Nontreated mice were used to collect blank brain homogenate for standards and quality controls (QCs). Standard curves were prepared by addition of the appropriate compound to plasma, brain homogenate, or vitreous humor homogenate and processing as described above. A value of 3× above the signal obtained in the blank plasma or brain or vitreous humor homogenate was designated the limit of detection (LOD). The limit of quantitation (LOQ) was defined as the lowest concentration at which back calculation yielded a concentration within 20% of the theoretical value and above the LOD signal. The LOQ for plasma was 5 ng/mL, and for brain and vitreous humor it was 1 ng/mL. Compound levels were monitored by LC/MS/MS using an AB/Sciex (Framingham, MA, USA) 3200 Qtrap mass spectrometer coupled to a Shimadzu (Columbia, MD, USA) Prominence LC. The P7C3A20 was detected with the mass spectrometer in multiple reaction monitoring (MRM) mode by following the precursor to fragment ion transition 507.0 → 204.1 (positive mode; M+H+).
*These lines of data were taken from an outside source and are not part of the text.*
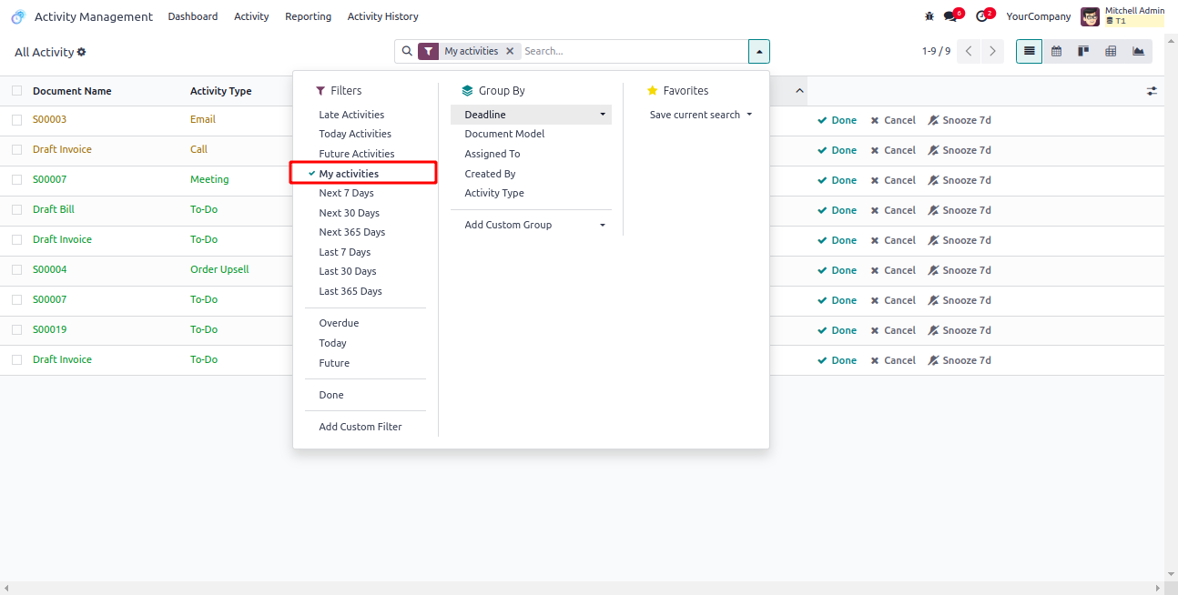 On clicking the button "Activities", a popup appears where we can create and schedule activities.
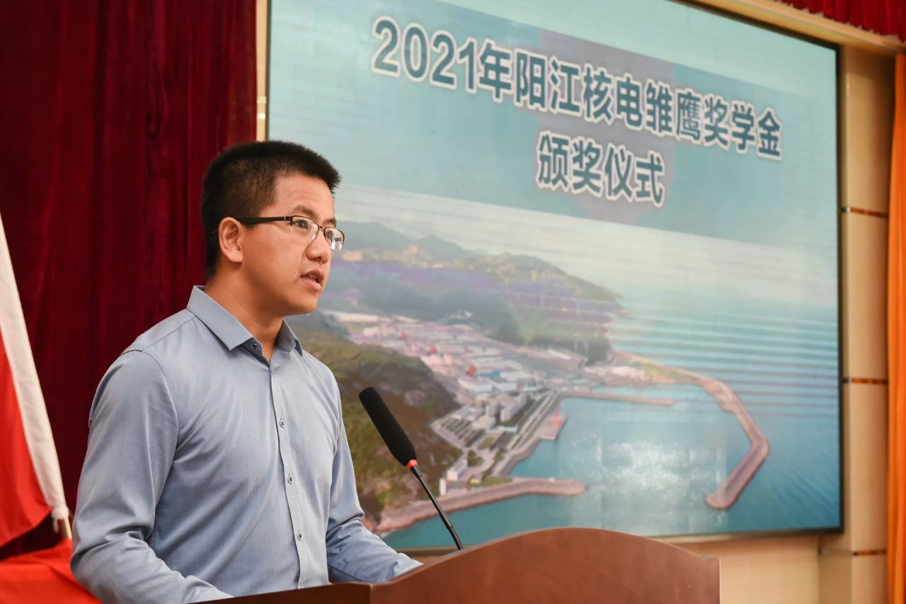 ▲陽江核電黨委副書記葉誌強為學生頒獎
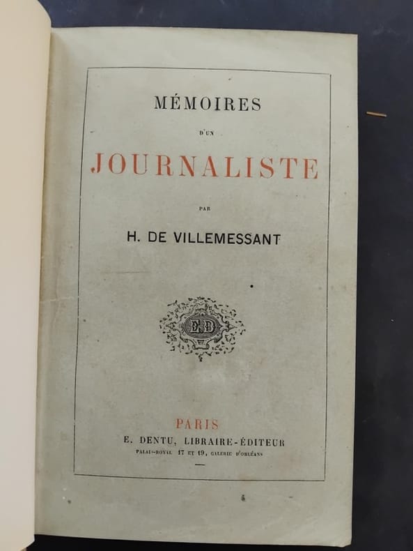 Bon Paginations diverses, 6 volumes. 1878-1884. Usure aux coiffes, rousseurs. Seul le premier volume est une réédition. Mémoires de ce journaliste et patron de presse (Le Figaro), Henri de Villemessant (1810-1879).
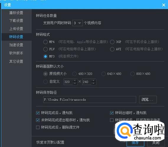 在“转码格式”里选定“MP3”,在点击下面的“保存”,就可以下载了,下载完后这个视频就被转换成MP3格式了。

The IS, n-benzylbenzamide, was monitored using a 212.1 → 91.1 transition (positive mode; M+H+). An Agilent (Santa Clara, CA, USA) XDB C18 column (50 × 4.6 mm, 5 μ packing) was used for chromatography with the following conditions: Buffer A, 0.1% formic acid in water; Buffer B, 0.1% formic acid in methanol, 0 to 1 at 0 minutes 50% B, 1.0 to 1.5 minutes gradient to 100% B, 1.5 to 3.0 minutes 100% B, 3.0 to 3.1 minutes gradient to 0% B, 3.1 to 4.5 minutes 0% B.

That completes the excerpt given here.